En effet, dans la région Métropolitaine de Port-au-Prince, l’explosion urbaine s’est accompagnée de la prolifération des bidonvilles et des dégradations des conditions de vie des habitants. Le service public d’eau potable, très déficient s’est doublé de formes multiples d’alimentation en eau (Véronique, 1999)[2]. Le rapport[3] de l’atelier de travail du 15 décembre 2009 de la DINEPA et de l’Île de France, portant sur la thématique « Eau et Assainissement en Haïti », montre de façon claire les défis auxquels le pays se trouve confronté.

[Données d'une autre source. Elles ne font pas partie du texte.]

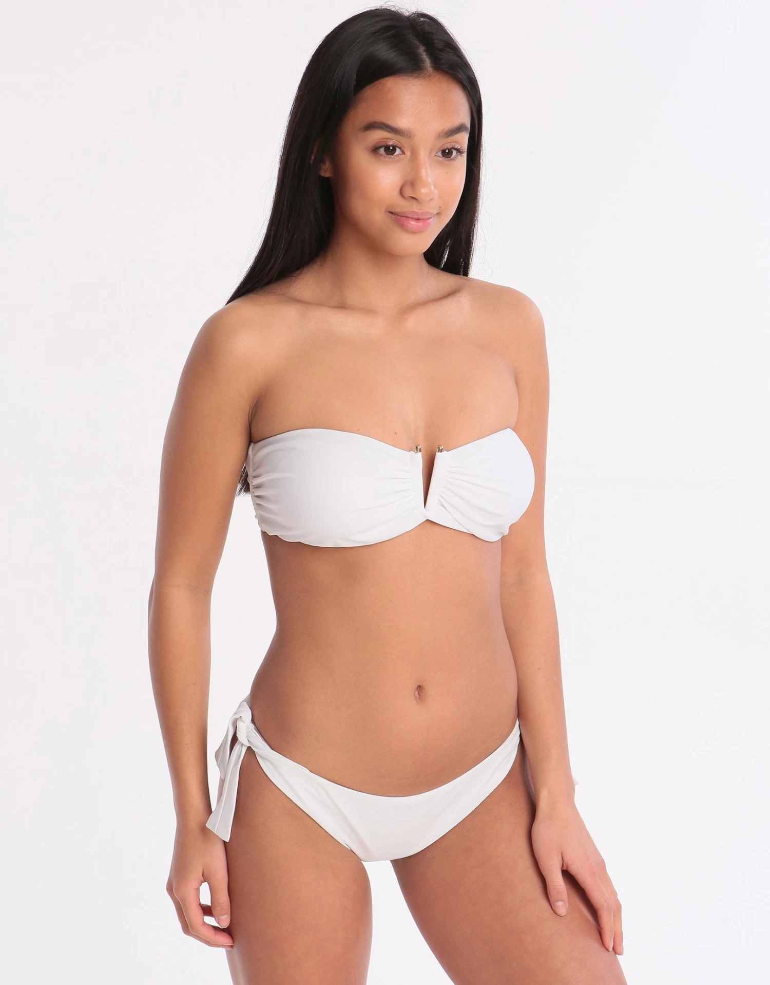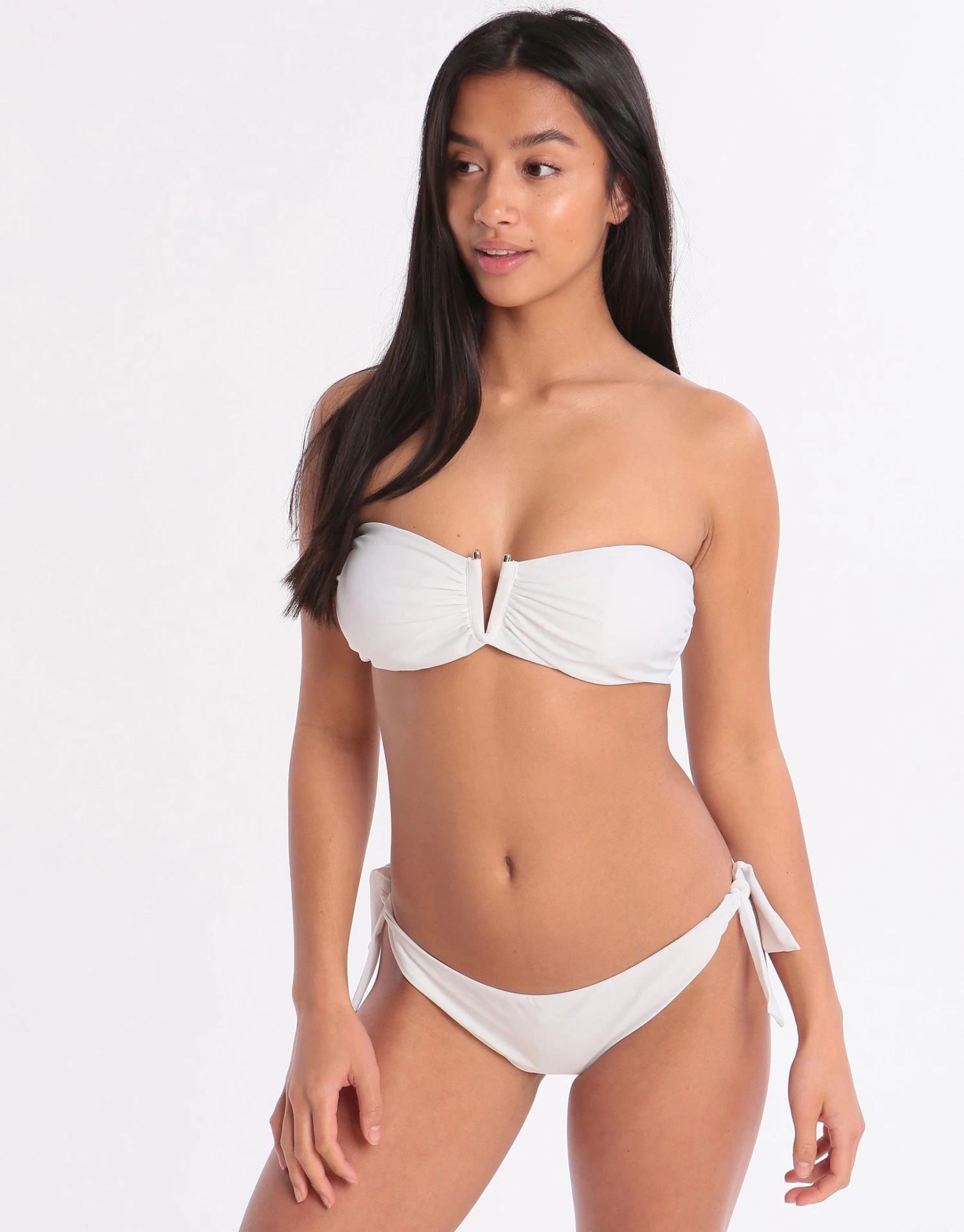 Add a touch of elegance to your holiday wardrobe wearing West Seventy Nine’s Tie Side Cheeky Bikini Bottom in White.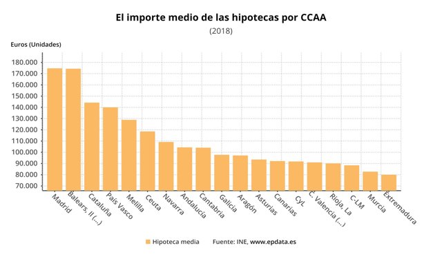Las comunidades en las que se prestó más capital para la constitución de hipotecas sobre viviendas en marzo fueron Madrid (1.409,6 millones de euros), Cataluña (1.022,9 millones) y Andalucía (797,8 millones de euros).

Outre les indicateurs socio-économiques particulièrement bas, il affiche des taux d’accès à l’eau et à l’assainissement alarmants. 42 % de la population n’ont pas accès à l’eau potable et 68 % de la population ne dispose pas d’accès à l’assainissement.
En se basant sur différents travaux de recherches consultés sur la thématique, sur différentes observations et interventions réalisées dans la région Métropolitaine de Port-au-Prince, nous avons pu, dans un premier temps, comprendre qu’une grande partie de la population, même quand elle se trouve au niveau de l’espace Métropolitain de Port-au-Prince, n’a pas l’accès à un ensemble de services sociaux de base dans son environnement. Par ailleurs, l’accès à l’eau reste, au niveau de ces communautés, l’un des plus graves problèmes auxquels les personnes sont confrontées. Pour en avoir accès, les gens doivent de déplacer sur de longues distances et dans de très mauvaises conditions de déplacement. Toute cette situation attire notre attention en tant que chercheur. Cela nous pousse à nous engager dans un processus de compréhension en profondeur de la situation afin d’arriver à dégager une alternative dans le domaine de l’aménagement du territoire du pays, non seulement pour le bien-être de tous les citoyens haïtiens, mais aussi pour celui des citoyens du monde entier.
Frantzso ALEXANDRE
Travailleur Social et Éducateur
[1] Samuel Pierre dans son article « Haïti et Perspectives », Volume 2, Numéro 2, publié en été 2013.
[2] VERDEIL, Véronique (1999). « De l’eau pour les pauvres à Port-au-Prince, Haïti », Mappemonde, Vol. 55, no 3.
[3] GERARD, Sounia ; VINCENT, Dussaux (2009). Eau et assainissement en Haïti : reforme sectorielle et développement de la coopération décentralisée et non gouvernementale, rapport de la rencontre du conseil régional Ile de France et DINEPA.